When you copy from the entries that follow, take only the lines from the one with "Ростов-на-Дону. 10 января." down to the one with "The output drops", keeping both ends and dropping every picture.
(MATERIALS PROVIDED)
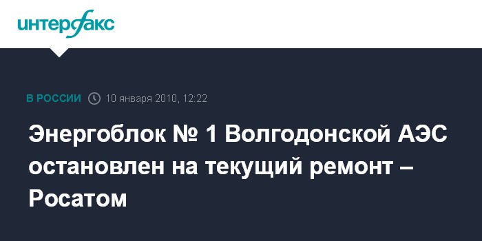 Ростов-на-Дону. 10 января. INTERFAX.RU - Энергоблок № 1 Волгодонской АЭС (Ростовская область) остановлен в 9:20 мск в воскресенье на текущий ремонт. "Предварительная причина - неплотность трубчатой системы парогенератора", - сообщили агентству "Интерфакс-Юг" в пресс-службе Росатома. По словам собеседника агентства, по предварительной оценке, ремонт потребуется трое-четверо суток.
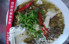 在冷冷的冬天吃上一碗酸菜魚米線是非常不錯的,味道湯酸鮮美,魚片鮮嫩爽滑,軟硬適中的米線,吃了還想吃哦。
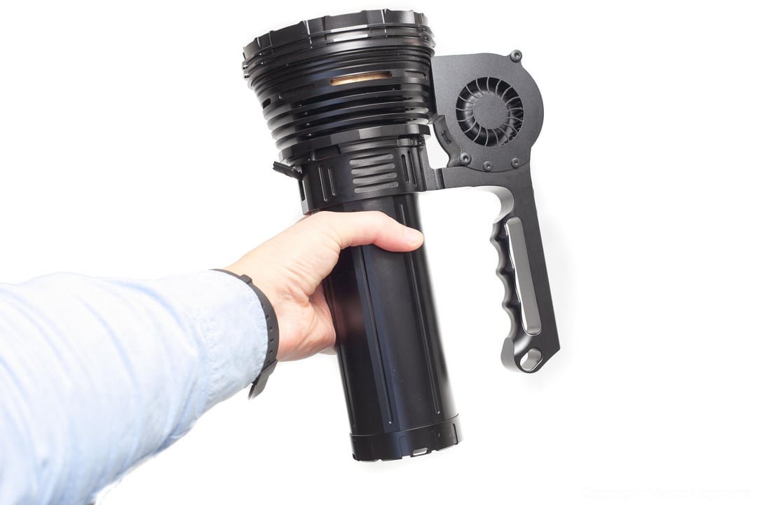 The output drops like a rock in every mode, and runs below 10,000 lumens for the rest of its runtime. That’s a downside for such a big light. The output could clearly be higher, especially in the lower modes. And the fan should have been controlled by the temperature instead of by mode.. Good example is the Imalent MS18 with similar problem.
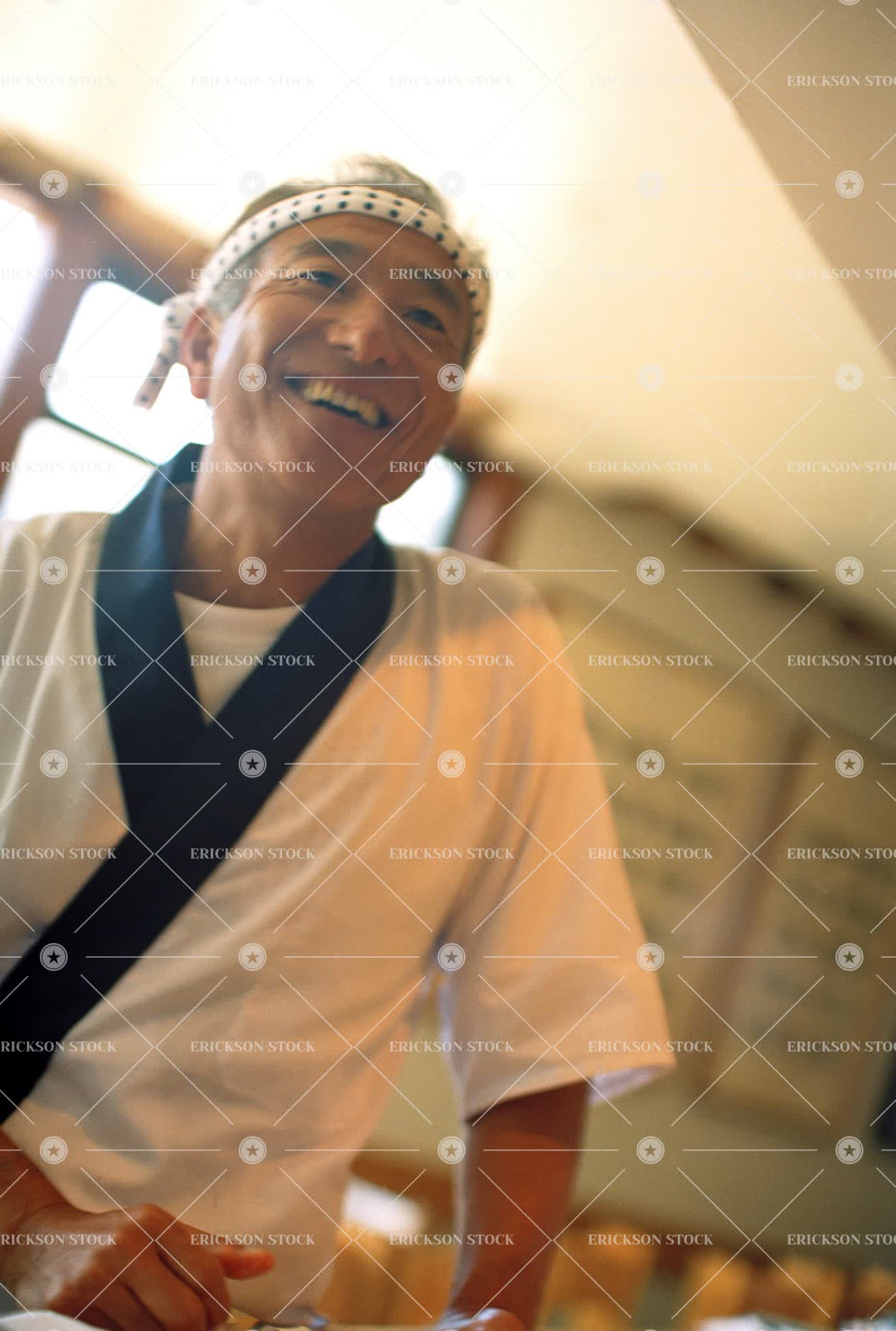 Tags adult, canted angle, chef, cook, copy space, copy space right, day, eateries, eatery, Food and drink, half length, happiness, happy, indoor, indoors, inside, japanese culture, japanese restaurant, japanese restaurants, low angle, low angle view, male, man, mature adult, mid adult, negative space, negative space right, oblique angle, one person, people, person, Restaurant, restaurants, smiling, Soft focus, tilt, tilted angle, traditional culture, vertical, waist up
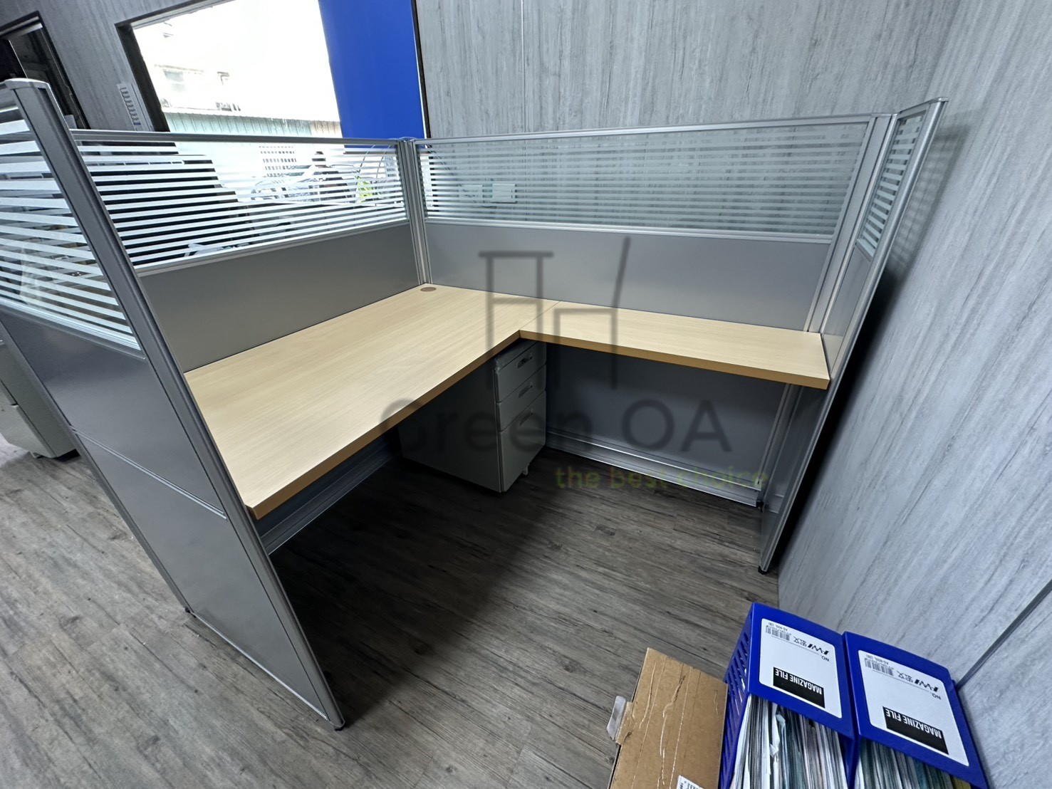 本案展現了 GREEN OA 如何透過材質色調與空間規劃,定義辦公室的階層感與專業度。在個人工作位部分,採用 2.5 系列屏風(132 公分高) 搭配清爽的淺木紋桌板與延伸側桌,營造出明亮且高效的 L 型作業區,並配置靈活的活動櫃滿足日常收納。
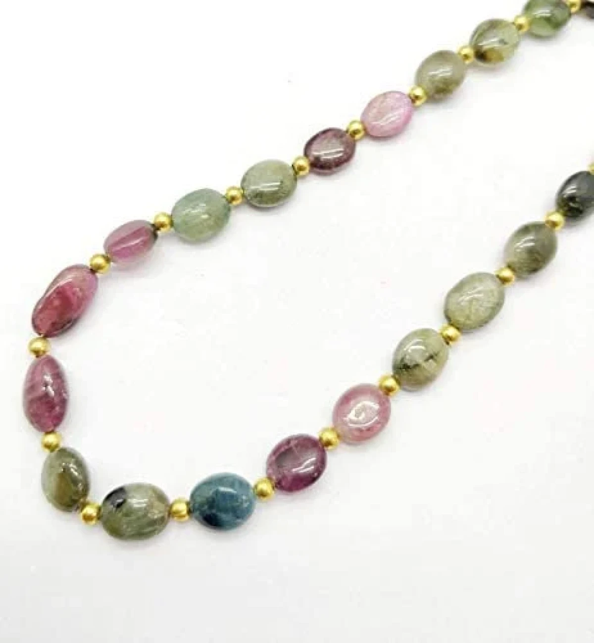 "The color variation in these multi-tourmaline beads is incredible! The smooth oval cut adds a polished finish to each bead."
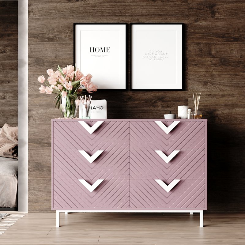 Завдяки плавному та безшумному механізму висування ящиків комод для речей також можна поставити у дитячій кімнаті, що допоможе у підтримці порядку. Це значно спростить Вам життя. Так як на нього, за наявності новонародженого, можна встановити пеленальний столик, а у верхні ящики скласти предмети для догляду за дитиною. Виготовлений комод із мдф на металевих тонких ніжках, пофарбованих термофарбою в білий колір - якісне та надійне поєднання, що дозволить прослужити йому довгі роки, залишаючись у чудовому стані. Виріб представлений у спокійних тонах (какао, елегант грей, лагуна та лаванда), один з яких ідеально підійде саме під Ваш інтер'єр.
(End MATERIALS PROVIDED)
(MATERIALS PROVIDED)
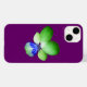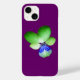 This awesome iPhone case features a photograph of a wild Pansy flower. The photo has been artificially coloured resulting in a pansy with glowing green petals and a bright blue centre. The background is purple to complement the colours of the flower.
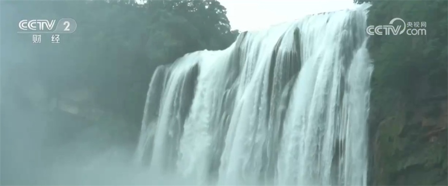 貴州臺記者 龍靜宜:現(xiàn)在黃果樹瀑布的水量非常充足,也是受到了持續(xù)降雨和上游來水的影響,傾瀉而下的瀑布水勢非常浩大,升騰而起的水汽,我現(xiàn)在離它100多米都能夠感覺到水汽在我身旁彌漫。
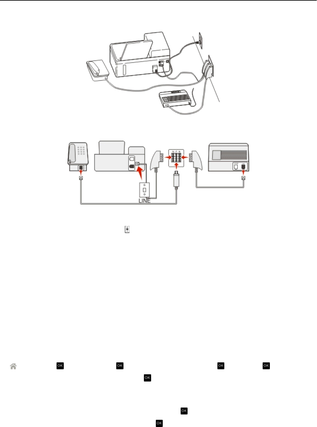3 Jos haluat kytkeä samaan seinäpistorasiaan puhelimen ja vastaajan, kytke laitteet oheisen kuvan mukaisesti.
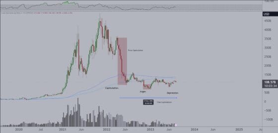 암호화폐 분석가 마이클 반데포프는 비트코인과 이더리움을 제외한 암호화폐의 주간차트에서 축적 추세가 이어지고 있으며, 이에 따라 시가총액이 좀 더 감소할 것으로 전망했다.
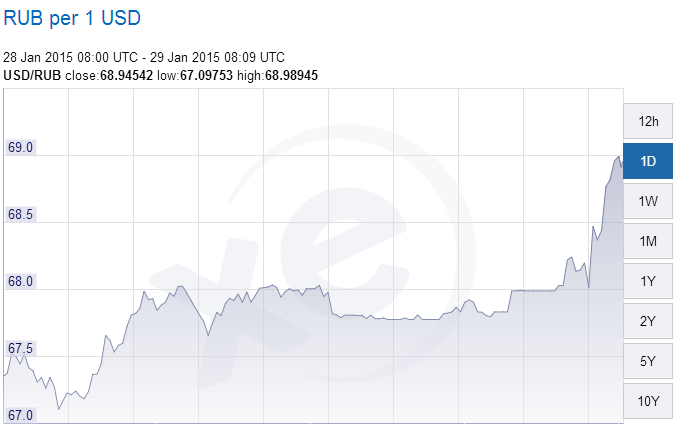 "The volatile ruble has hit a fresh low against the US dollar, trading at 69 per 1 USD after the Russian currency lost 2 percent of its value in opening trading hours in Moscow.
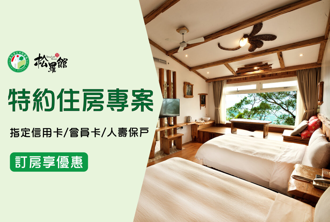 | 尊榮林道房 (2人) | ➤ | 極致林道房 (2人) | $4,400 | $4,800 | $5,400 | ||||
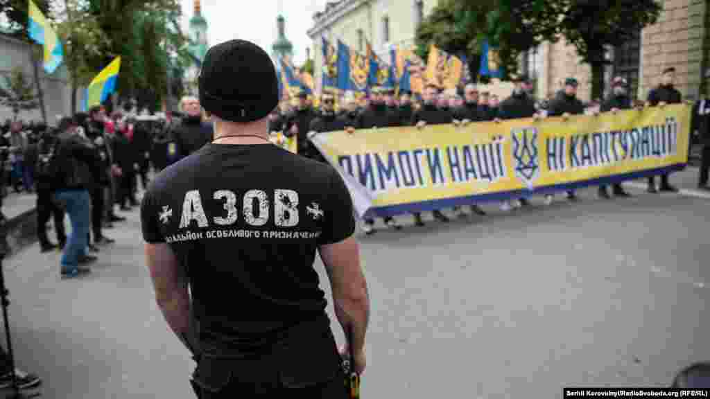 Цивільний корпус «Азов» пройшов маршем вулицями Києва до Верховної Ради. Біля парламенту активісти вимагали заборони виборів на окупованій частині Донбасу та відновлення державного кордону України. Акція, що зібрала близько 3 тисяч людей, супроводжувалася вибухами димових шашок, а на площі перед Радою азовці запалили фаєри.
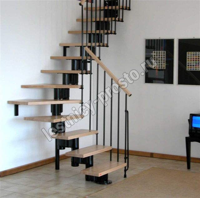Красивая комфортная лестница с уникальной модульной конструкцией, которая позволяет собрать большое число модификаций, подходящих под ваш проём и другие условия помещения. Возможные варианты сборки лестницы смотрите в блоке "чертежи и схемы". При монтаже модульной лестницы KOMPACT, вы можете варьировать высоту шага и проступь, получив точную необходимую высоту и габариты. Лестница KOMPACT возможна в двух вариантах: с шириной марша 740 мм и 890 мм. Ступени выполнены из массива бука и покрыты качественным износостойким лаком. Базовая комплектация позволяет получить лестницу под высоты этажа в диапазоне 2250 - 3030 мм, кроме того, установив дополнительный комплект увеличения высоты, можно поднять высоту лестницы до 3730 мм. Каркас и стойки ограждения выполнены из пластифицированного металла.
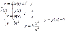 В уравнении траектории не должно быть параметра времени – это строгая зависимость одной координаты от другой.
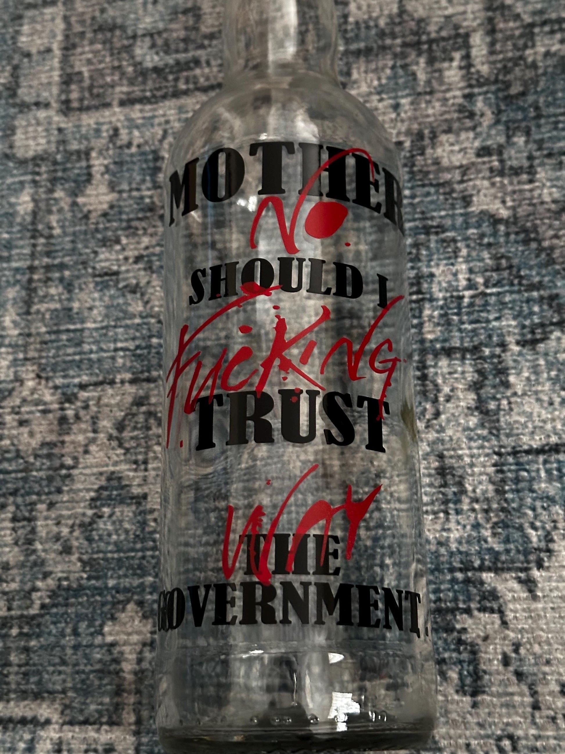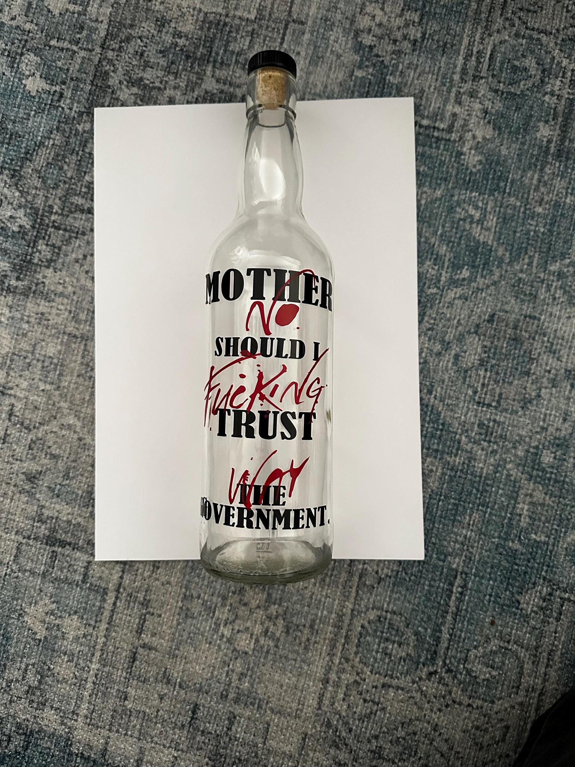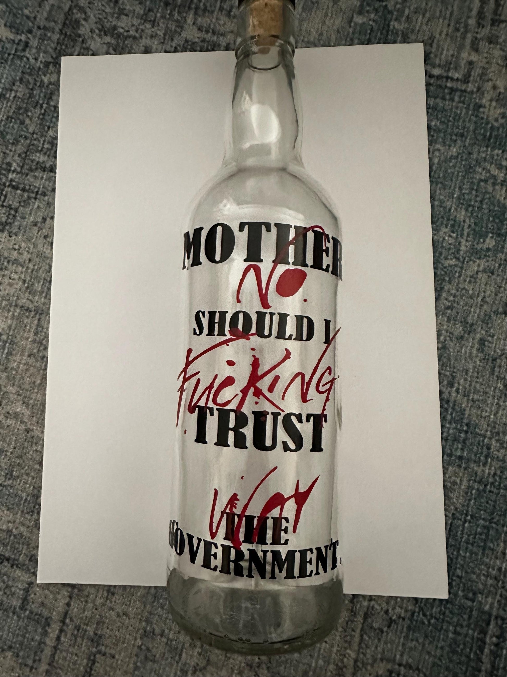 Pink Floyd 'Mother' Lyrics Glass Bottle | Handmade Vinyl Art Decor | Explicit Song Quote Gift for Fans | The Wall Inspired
(End MATERIALS PROVIDED)
(MATERIALS PROVIDED)
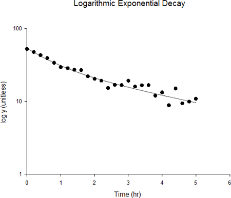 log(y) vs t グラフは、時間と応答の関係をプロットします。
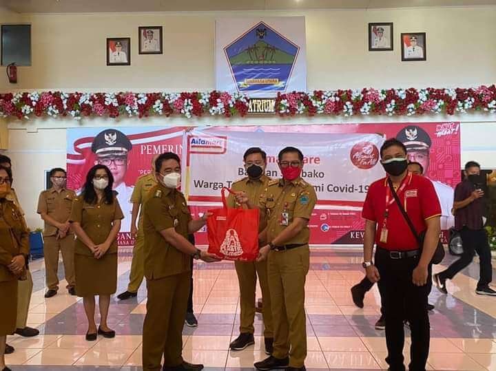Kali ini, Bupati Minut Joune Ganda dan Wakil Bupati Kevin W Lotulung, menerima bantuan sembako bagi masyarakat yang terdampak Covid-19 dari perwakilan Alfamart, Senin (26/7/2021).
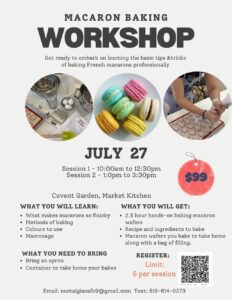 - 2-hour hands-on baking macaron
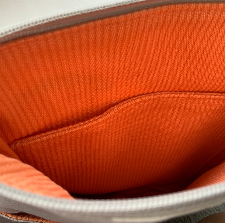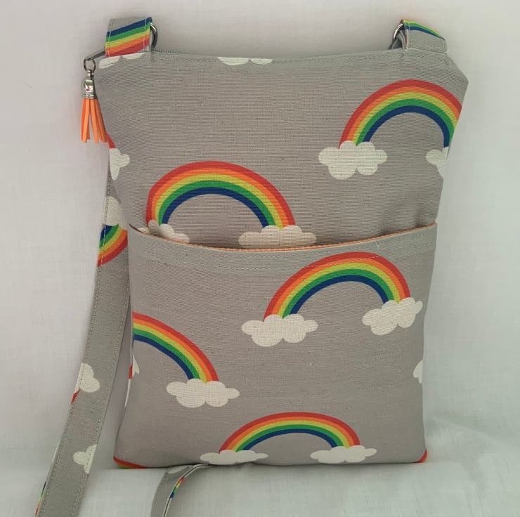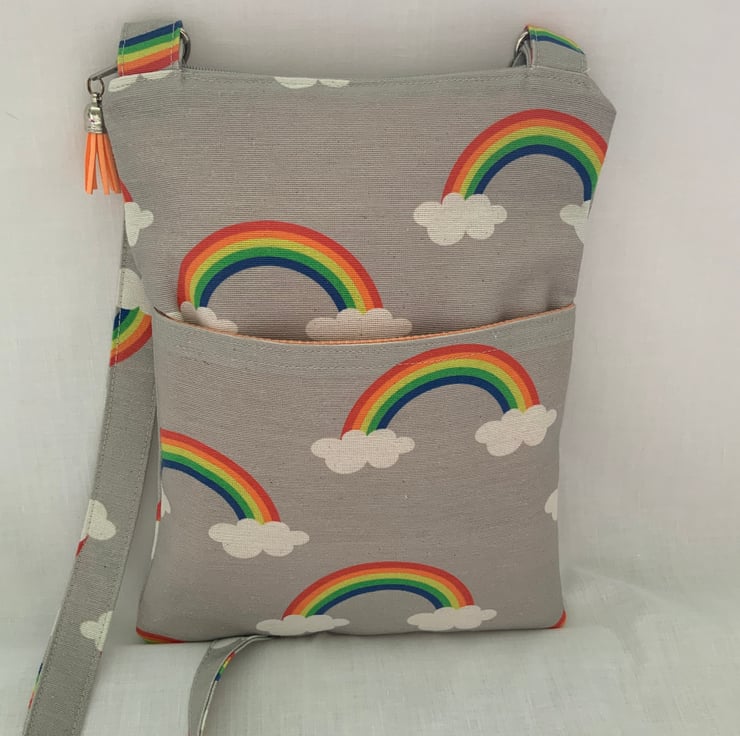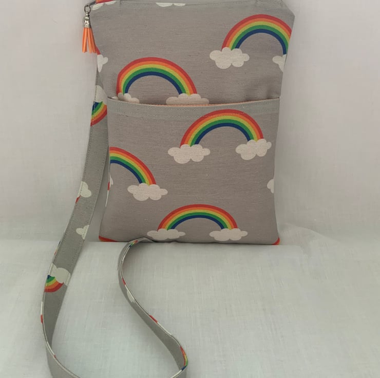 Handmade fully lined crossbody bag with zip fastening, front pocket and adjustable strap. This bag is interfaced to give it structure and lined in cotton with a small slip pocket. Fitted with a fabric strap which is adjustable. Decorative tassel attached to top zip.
(End MATERIALS PROVIDED)
### WORKED SOLUTION
 Ростов-на-Дону. 10 января. INTERFAX.RU - Энергоблок № 1 Волгодонской АЭС (Ростовская область) остановлен в 9:20 мск в воскресенье на текущий ремонт. "Предварительная причина - неплотность трубчатой системы парогенератора", - сообщили агентству "Интерфакс-Юг" в пресс-службе Росатома. По словам собеседника агентства, по предварительной оценке, ремонт потребуется трое-четверо суток.
 在冷冷的冬天吃上一碗酸菜魚米線是非常不錯的,味道湯酸鮮美,魚片鮮嫩爽滑,軟硬適中的米線,吃了還想吃哦。
 The output drops like a rock in every mode, and runs below 10,000 lumens for the rest of its runtime. That’s a downside for such a big light. The output could clearly be higher, especially in the lower modes. And the fan should have been controlled by the temperature instead of by mode.. Good example is the Imalent MS18 with similar problem.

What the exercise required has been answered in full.